The core helper method implementing the documentation search logic, including relevance scoring based on title and content matches, snippet extraction, and result ranking/sorting.

async def search_docs(self, query: str, site: str = None) -> List[Dict]:
    """Search indexed documentation"""
    if not self.cached_pages:
        return []
    
    query_lower = query.lower()
    results = []
    
    for url, page in self.cached_pages.items():
        # Filter by site if specified
        if site and page.site != site:
            continue
        
        # Calculate relevance score
        score = 0
        title_lower = page.title.lower()
        content_lower = page.content.lower()
        
        # Higher score for title matches
        if query_lower in title_lower:
            score += 10
            # Even higher for exact title matches
            if query_lower == title_lower:
                score += 20
        
        # Score for content matches
        content_matches = content_lower.count(query_lower)
        score += content_matches * 2
        
        # Score for partial word matches in title
        query_words = query_lower.split()
        for word in query_words:
            if word in title_lower:
                score += 5
            if word in content_lower:
                score += 1
        
        if score > 0:
            # Extract snippet around first match
            snippet = self._extract_snippet(page.content, query, max_length=200)
            
            results.append({
                'title': page.title,
                'url': page.url,
                'site': page.site,
                'snippet': snippet,
                'score': score
            })
    
    # Sort by relevance score (highest first) and limit results
    results.sort(key=lambda x: x['score'], reverse=True)
    return results[:10]

src/main.py:34-100 (helper)

Helper method for indexing (crawling and caching) documentation pages from a specified site, used to populate the cache before searching.

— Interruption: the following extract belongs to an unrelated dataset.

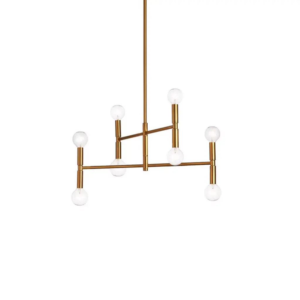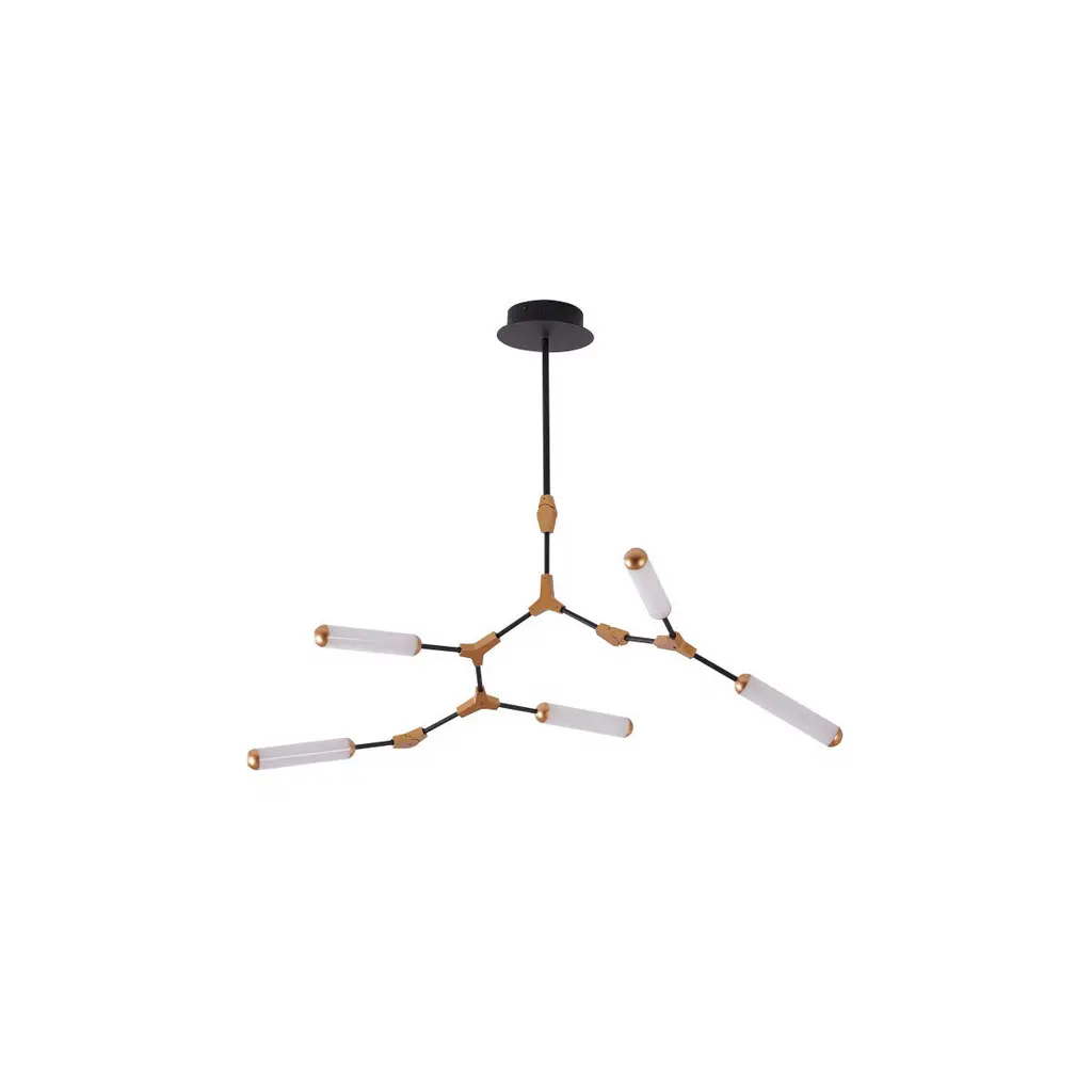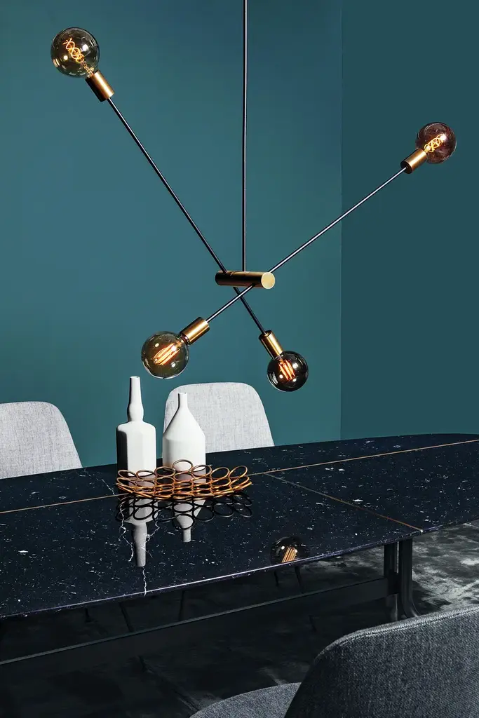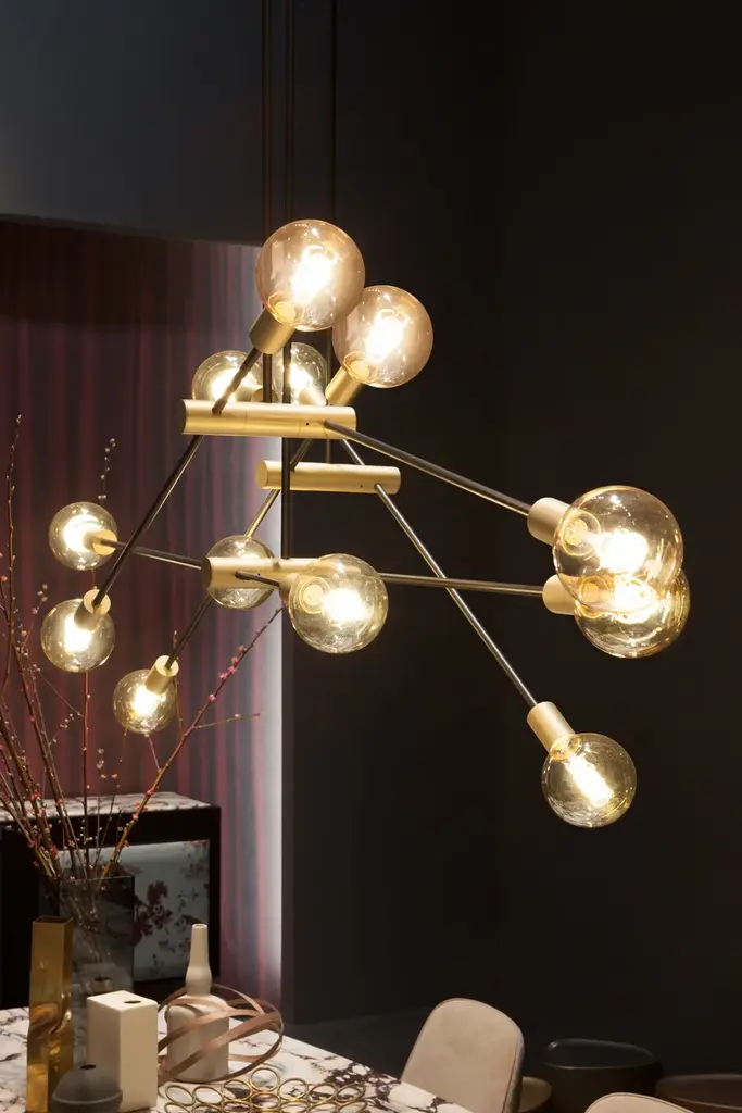 The suspended lamp 7000 Itinerari is perfect to light up and be hung over formal dining tables.The play on geometries created by the intersection of tubes make its design dynamic, while the lightness of its lines is emphasized by the play on lights.Technical featuresFrame: black varnished tubular structure with brass intersections and end elementsCeiling rose: brassIncluded light bulbs: E27 max 60W CE

async def index_site(self, site_name: str, max_pages: int = 100):
    """Index documentation from a specific site"""
    if site_name not in self.base_urls:
        raise ValueError(f"Unknown site: {site_name}")
    
    base_url = self.base_urls[site_name]
    visited_urls = set()
    urls_to_visit = [base_url]
    pages_indexed = 0
    
    async with aiohttp.ClientSession() as session:
        while urls_to_visit and pages_indexed < max_pages:
            url = urls_to_visit.pop(0)
            
            if url in visited_urls:
                continue
                
            visited_urls.add(url)
            
            try:
                async with session.get(url, timeout=10) as response:
                    if response.status == 200:
                        content = await response.text()
                        soup = BeautifulSoup(content, 'html.parser')
                        
                        # Extract page content
                        title = soup.find('title')
                        title_text = title.text.strip() if title else url
                        
                        # Remove script and style elements
                        for script in soup(["script", "style"]):
                            script.decompose()
                        
                        # Get text content
                        text_content = soup.get_text()
                        lines = (line.strip() for line in text_content.splitlines())
                        chunks = (phrase.strip() for line in lines for phrase in line.split("  "))
                        text = ' '.join(chunk for chunk in chunks if chunk)
                        
                        # Store in cache
                        self.cached_pages[url] = CachedPage(
                            title=title_text,
                            content=text[:5000],  # Limit content length
                            url=url,
                            site=site_name,
                            timestamp=time.time()
                        )
                        
                        pages_indexed += 1
                        
                        # Find more links to index
                        if pages_indexed < max_pages:
                            links = soup.find_all('a', href=True)
                            for link in links:
                                href = link['href']
                                full_url = urljoin(url, href)
                                
                                # Only index URLs from the same domain
                                if urlparse(full_url).netloc == urlparse(base_url).netloc:
                                    if full_url not in visited_urls and full_url not in urls_to_visit:
                                        urls_to_visit.append(full_url)
                            
            except Exception as e:
                print(f"Error indexing {url}: {e}")
                continue
    
    return pages_indexed

src/main.py:11-23 (helper)

Dataclass representing a cached documentation page with expiration logic, used by the indexer.

@dataclass
class CachedPage:
    title: str
    content: str
    url: str
    site: str
    timestamp: float
    ttl: float = 3600  # 1 hour default TTL
    
    @property
    def is_expired(self) -> bool:
        return time.time() > self.timestamp + self.ttl

Tool Definition Quality

B3.1/5.0

Behavior2/5

Does the description disclose side effects, auth requirements, rate limits, or destructive behavior?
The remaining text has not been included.